Anonymous wrote:Anonymous wrote:I'm watching the DC Council Hearing on the education related agencies (UDC, DME-Deputy Mayor for Education, State Board of Education, DC PCSB, etc). The testimony from the EmpowerEd group is that the DME must be focused on school integration as a priority and push the necessary school boundary changes that lead to integration goals even if there is pushback.
What are your thoughts? I have lots of priorities for education like more gifted programs, improved middle school options, better curriculum, support to keep teachers in the profession, etc but changing school boundaries for the purposes of integration isn't high on the list.
What does “more” integration even mean in DC. It’s one of the most integrated districts in the country
Anonymous wrote:Many Charters are super integrated. Even the fancy ones -- BASIS, DCI and Latin fit the actual definition of integrated (no one race more than 70 percent of the population).
Other charters are not integrated but at serving their low-income populations better than the DCPS schools (like DC Prep getting everyone into college).
DCPS schools in gentrifying neighborhoods are sometimes integrated and there is an opportunity here to be a model. Like I feel Garrison actually serves all demographics well.
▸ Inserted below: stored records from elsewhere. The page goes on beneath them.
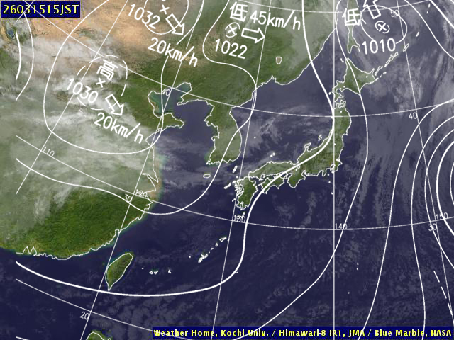 | 地上(高知大学気象情報頁赤外画像と気象庁速報天気図を合成) | |||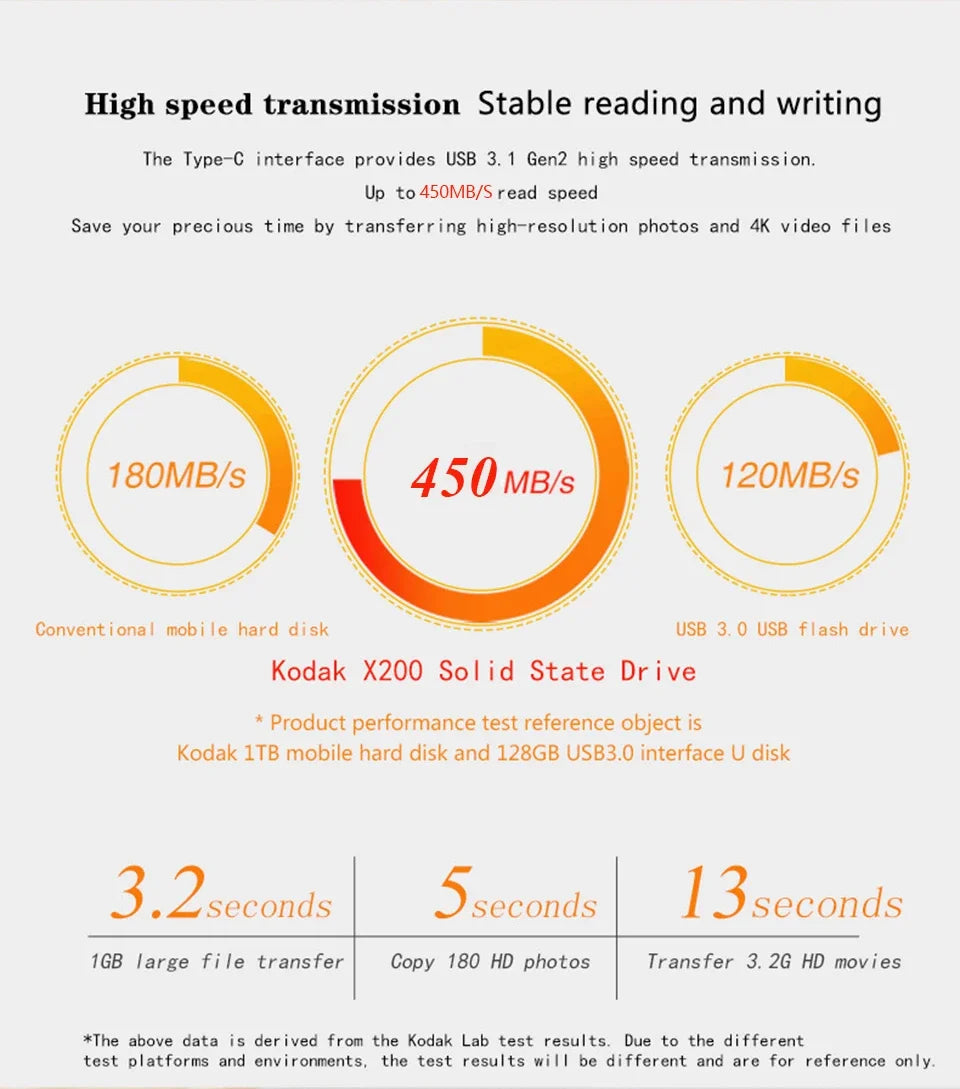 Kodak SSD 1TB X200 SSD portatile USB 3.1 Tipo C Disco rigido esterno 512GB 256GB Unità a stato solido per PS4 Laptop MacBook PC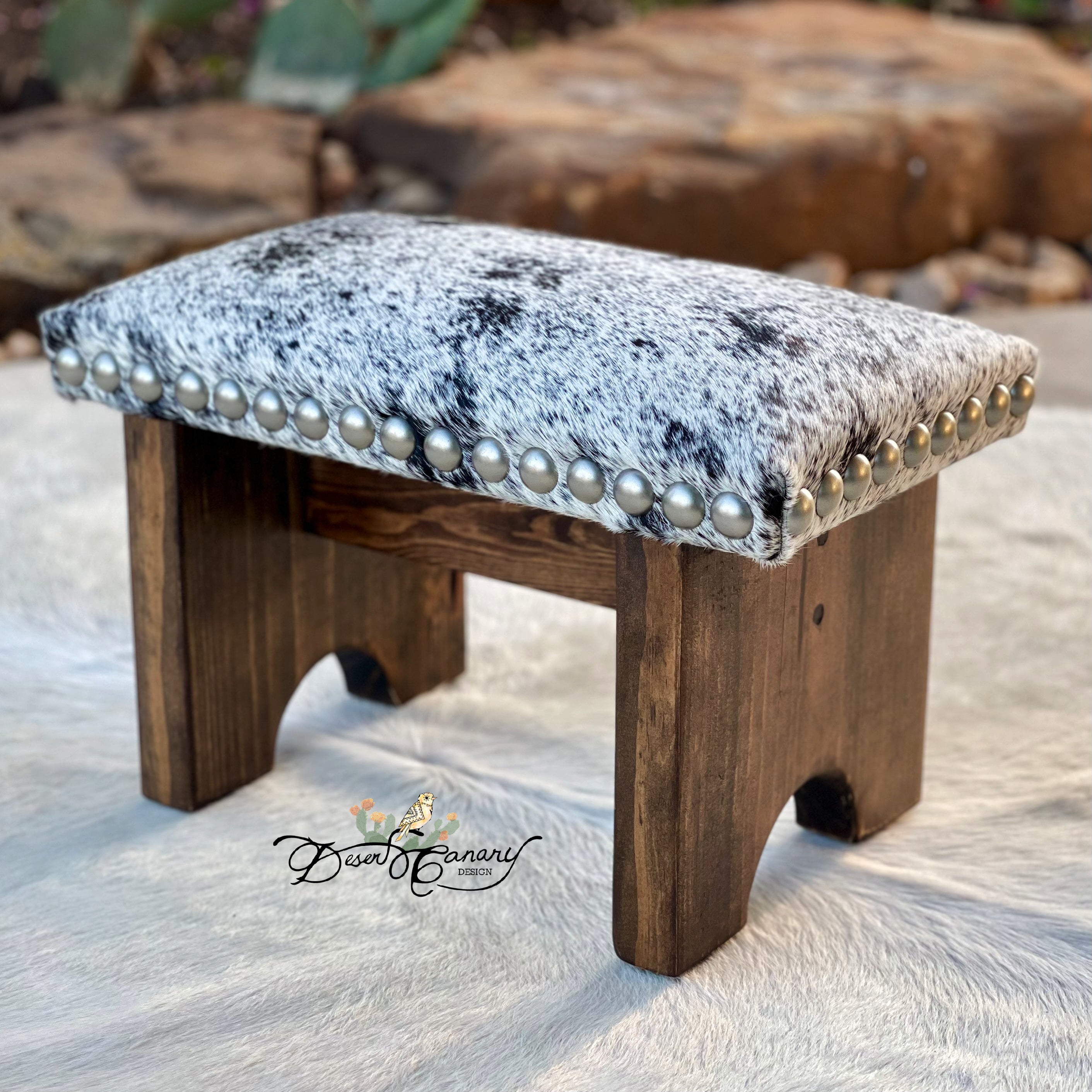 An original design from the Desert Canary Design Bench Shop, the Cowhide Step Stool is the epitome of western style and true functionality.  Born from necessity, this beautiful little workhorse of a stool will soon be one of the most used pieces of furniture in your home.

Other DCPS schools are not integrated because the housing is segregated. Do people really want to run busses between Ward 3 and EOTR or something? This sounds like a mess.
Anonymous wrote:I'm watching the DC Council Hearing on the education related agencies (UDC, DME-Deputy Mayor for Education, State Board of Education, DC PCSB, etc). The testimony from the EmpowerEd group is that the DME must be focused on school integration as a priority and push the necessary school boundary changes that lead to integration goals even if there is pushback.
What are your thoughts? I have lots of priorities for education like more gifted programs, improved middle school options, better curriculum, support to keep teachers in the profession, etc but changing school boundaries for the purposes of integration isn't high on the list.
Anonymous wrote:Anonymous wrote:Empower always says that. I think they add a lot of value with their data dashboard and highlighting which schools are overperforming their demographics. But the pushback is too much for DME/OSSE.
Having said that, I would suggest that the city not horrifically botch the rollout of future ideas like their stupid Maury/Miner combination. And if they would actually address the very real problems of certain schools then integration would likely increase on its own.
Just to clarify: The data dashboards are from EmpowerK12. OP is referring to EmpowerEd, an advocacy organization for diverse schools. (Then there's Empower DC, which works on environmental and economic justice. It's definitely confusing.)
Anonymous wrote:Empower always says that. I think they add a lot of value with their data dashboard and highlighting which schools are overperforming their demographics. But the pushback is too much for DME/OSSE.
Having said that, I would suggest that the city not horrifically botch the rollout of future ideas like their stupid Maury/Miner combination. And if they would actually address the very real problems of certain schools then integration would likely increase on its own.